Concatenates or additively merges geometric and semantic features without explicit alignment. Under ambient or multi-source lighting, geometric noise from interreflections bleeds into semantic attention, causing boundary blurring and color artifacts near shadow edges.

PhaSR (GSRA)

Cross-modal differential rectification

Explicitly subtracts geometric attention from semantic attention with a learnable $\lambda$. This rectification gate lets the network adaptively weight geometric precision (high $\lambda$ at boundaries) vs. semantic stability (low $\lambda$ in smooth regions), achieving sharper boundary localization and cleaner reflectance recovery under complex indirect illumination.

Advantage 1

Ambient lighting generalization

OmniSR's fusion struggles with multi-source indirect illumination (Ambient6K: 23.01 dB). GSRA's modal decoupling reaches 23.32 dB on the same benchmark.

Advantage 2

Shadow boundary precision

Geometric attention is applied as a rectifier, not a fuser—preventing semantic over-smoothing at shadow edges, visible in intermediate feature maps (Fig. 2 & 17).

Advantage 3

Lower complexity

Despite richer prior integration, PhaSR achieves 55.6 G FLOPs vs. OmniSR's 78.3 G—32% fewer—thanks to the lightweight asymmetric decoder design.

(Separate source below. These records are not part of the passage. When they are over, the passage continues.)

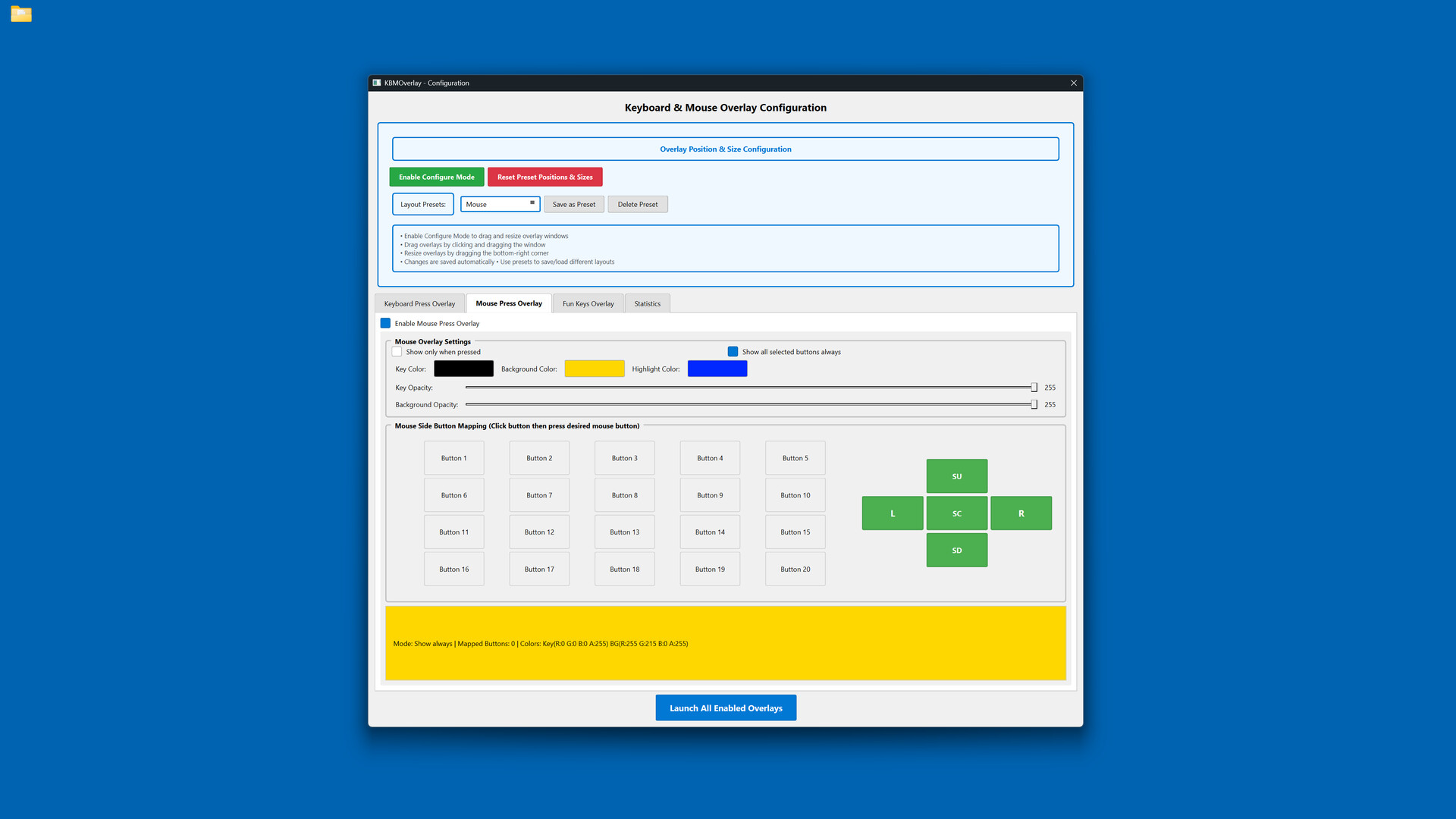Launch the configuration window, select your desired overlays, customize colors and positioning, then let the overlay run in the background.
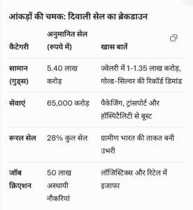 नई दिल्ली/एजेंसी: इस दिवाली पर भारत ने न सिर्फ आर्थिक पटाखे फोड़े, बल्कि आत्मनिर्भर भारत के संकल्प को भी चमकाया। कन्फेडरेशन ऑफ ऑल इंडिया ट्रेडर्स (CAIT) की रिपोर्ट के मुताबिक, इस साल दिवाली सेल ने रिकॉर्ड 6.05 लाख करोड़ रुपये का कारोबार किया, जो पिछले साल के 4.25 लाख करोड़ से 25% ज्यादा है। इसमें 5.40 लाख करोड़ रुपये का सामान बिका, तो 65,000 करोड़ रुपये की सेवाओं (जैसे लॉजिस्टिक्स, पैकेजिंग और डिलीवरी) ने भी इकोनॉमी को बूस्ट दिया। ग्रामीण और अर्ध-शहरी इलाकों से 28% सेल आई, जो बताता है कि खुशहाली अब सिर्फ शहरों तक सीमित नहीं।
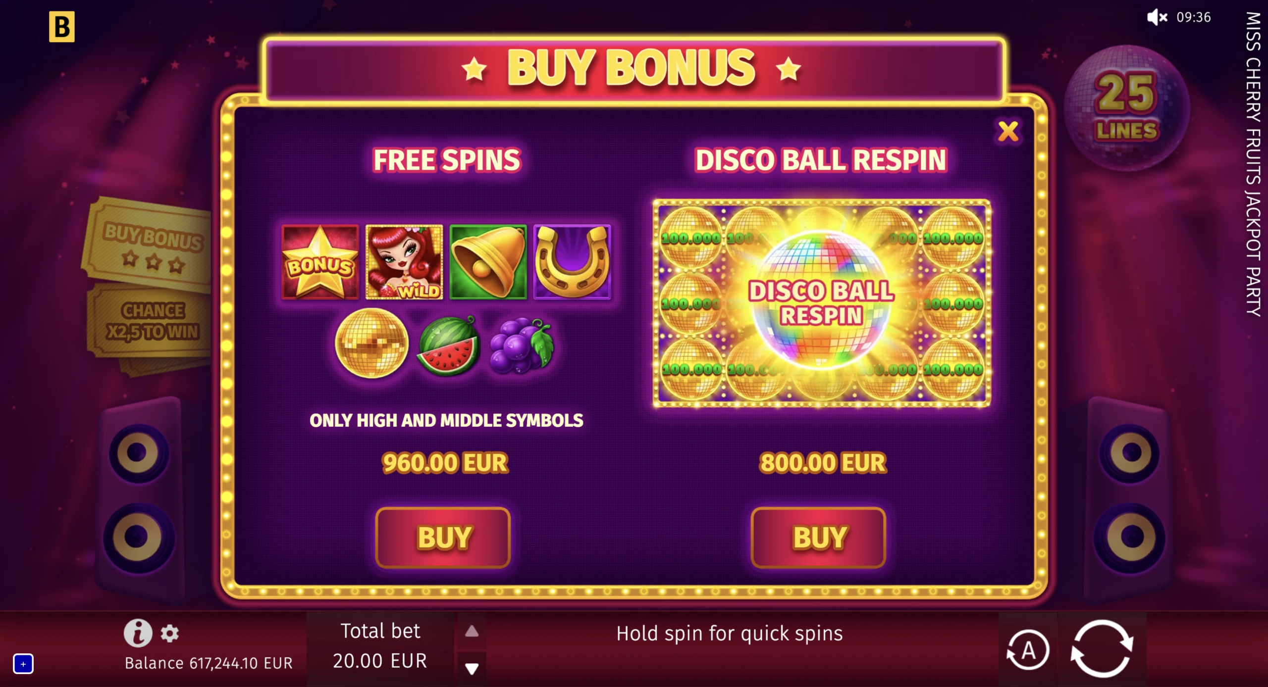 ¿Cuál es la mayor ganancia disponible en Miss Cherry Fruits Jackpot Party?
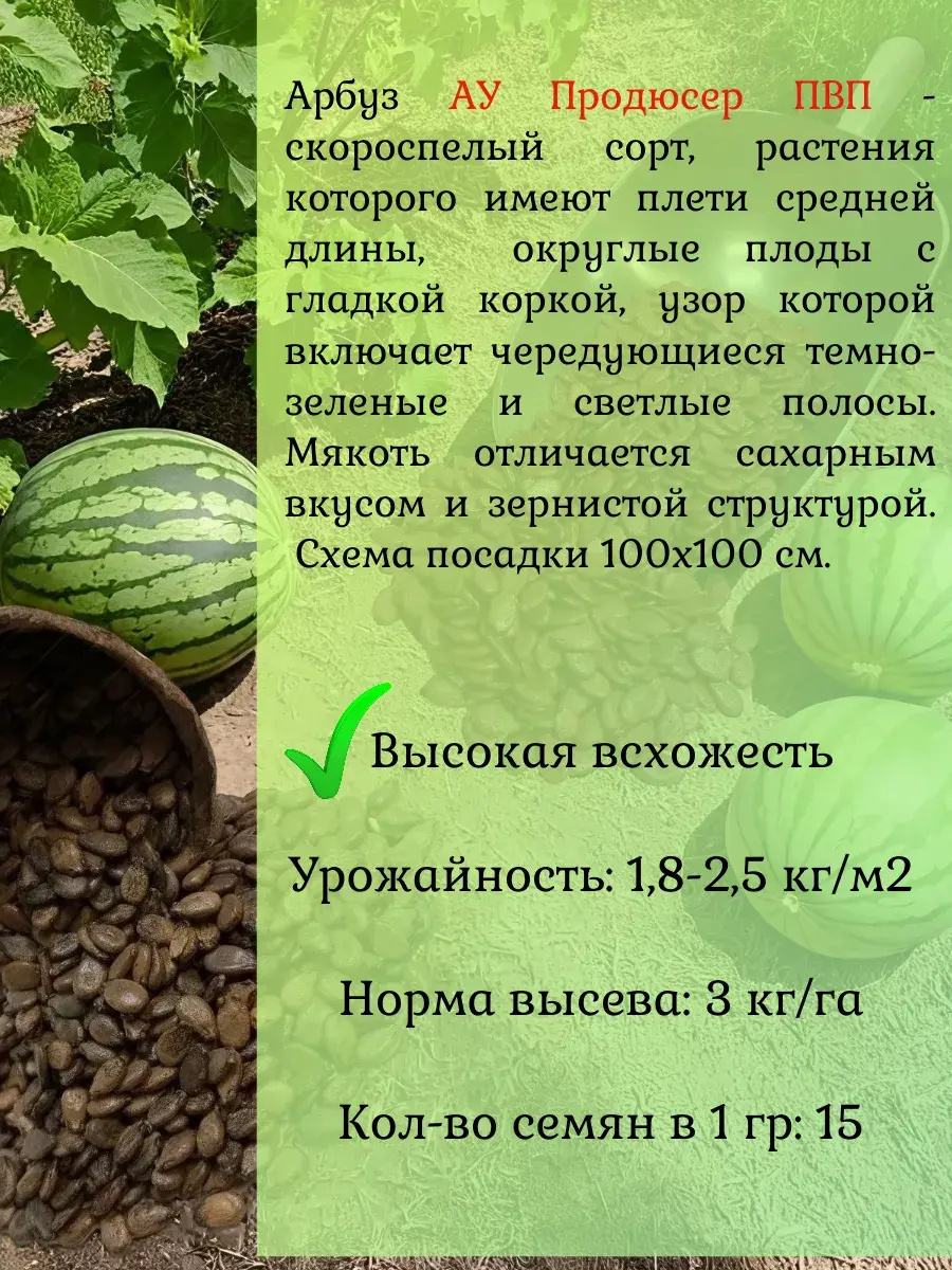 Арбуз АУ Продюсер ПВП. Скороспелый сорт, растения которого имеют плети средней длины, серо-зеленые листья умеренного рассечения и округлые плодыс гладкой коркой, узор которой включает чередующиеся темно-зеленые и светлые полосы.Кора ягод тонкая и имеет белый оттенок на срезе, мякоть отличается сахарным вкусом и зернистой структурой.Посев на рассаду в начале мая. Высадка рассады в открытый грунт в конце мая – начале июня (через 30-35 дней после всходов, в фазе 3-4-х настоящих листьев). Схема посадки 100х100 см. При выращивании под пленочными укрытиями растения формируют в один стебель (удаляют все боковые побеги до высоты 50 см, последующие прищипывают над 1-3 листом), подвязывают к шпалере (плоды нужно подвешивать в сетках).
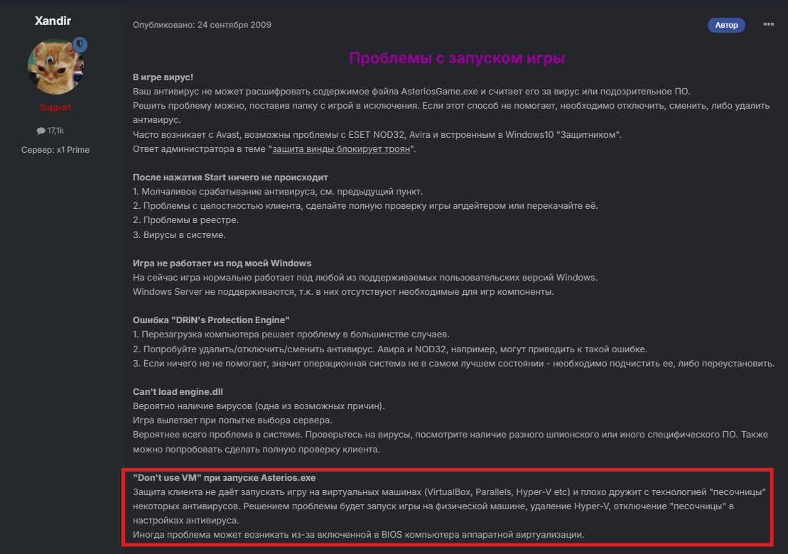 MuRRaiN Опубликовано 31 июля Поделиться Опубликовано 31 июля 1 час назад, crew сказал: так тут проблема в 11 винде а точнее в конкретном обновлении. Если у вас на 10 не работает то вероятно проблема в чем то еще. Ты думаешь он не посмотрел в название темы? Думаешь что он на столько туп что-бы не отличить "лезть в биос и будет работать" и "ничего не сделать ибо проблема клиента, пока админ не сделает не заработает"... В целом хз в чем смысл его поста конечно, надавить на жалость? Из-за проблемы которая его не коснулась? А так, если в биосе, на сколько я помню, там только виртуализация может мешать клиенту, и это всегда было табу на астероисе 1 Цитата Ссылка на комментарий Поделиться на другие сайты Поделиться
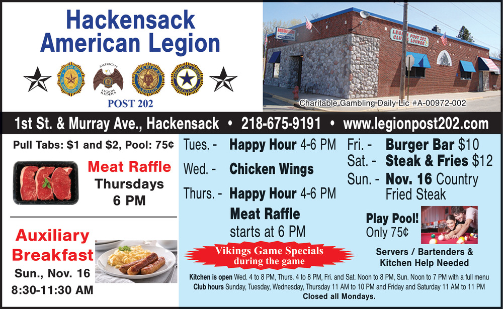 Nov 12, 2025. The Hackensack American Legion Organization Ads from The Pilot Independent
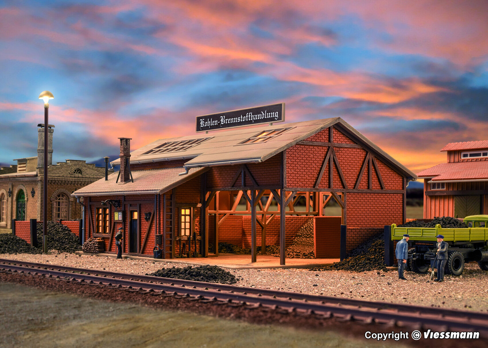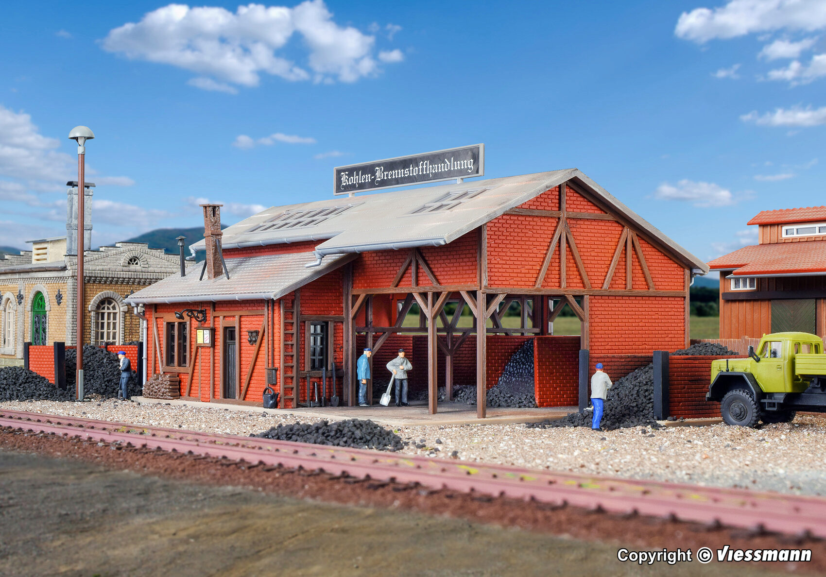 In der Kohlen- und Brennstoffhandlung wird rund um die Uhr gearbeitet. Rußgeschwärzte Gestalten verarbeiten die gerade angekommene Kohlenlieferung. Die innen- und außenliegenden Kohlebansen müssen wieder befüllt werden. In unmittelbarer Nähe zu den Gleise werden dann die Lokomotiven mit neuer Kohle versorgt. Maße: Hauptgebäude L 19,5 x B 14,5 x H 10 cm, Kohlenlager groß L 8,2 x B 4,2 x H 2,5 cm, Kohlenlager klein L 6,2 x B 4,2 x H 2,5 cm.
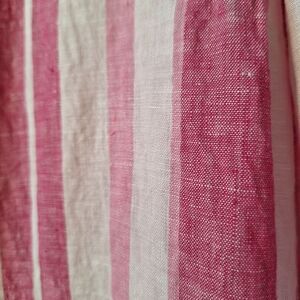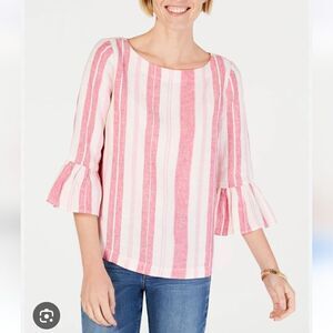 Charter Club 1X, White and pink, striped, linen top, crew neck, 3/4 sleeves, ruffle detail. Summer, Quiet luxury

🎬 Physically Aligned Normalization (PAN) — Distribution Visualization

PAN is a parameter-free preprocessing module that corrects illumination before any learned feature extraction. The animation below illustrates how PAN decomposes the input pixel intensity distribution, identifies shadow pixels as outliers on the distribution tail, and recombines the components so that those outliers are pulled back into the normal range— effectively suppressing shadows without a single trainable weight.

Step 1

Gray-world normalization

$$\mathbf{I}_\text{norm} = \mathbf{I} \cdot \frac{\mathbb{E}[\mathbf{I}]}{\mathbb{E}_c[\mathbf{I}] + \varepsilon}$$

Balances per-channel means to remove color cast from the illuminant (warm indoor / cool daylight), centering the distribution.

Step 2

Log-domain Retinex decomposition

$$\log \hat{S} = \mathbb{E}_{H,W}[\log(\mathbf{I}_\text{norm} + \varepsilon)]$$$$\log \hat{R} = \log(\mathbf{I}_\text{norm} + \varepsilon) - \log \hat{S}$$

Separates global illumination $\hat{S}$ from surface reflectance $\hat{R}$ via additive log-space decomposition. Shadow pixels become extreme outliers in the $\hat{R}$ distribution tail.

Step 3

Recombination & range normalization

$$\hat{I} = \frac{\hat{R} \otimes \hat{S} - \min(\hat{R} \otimes \hat{S})}{\max(\hat{R} \otimes \hat{S}) - \min(\hat{R} \otimes \hat{S}) + \varepsilon}$$

Recombines components and applies min-max normalization. Outlier pixels on the distribution tail are pulled back into the valid radiometric range, suppressing shadow artifacts.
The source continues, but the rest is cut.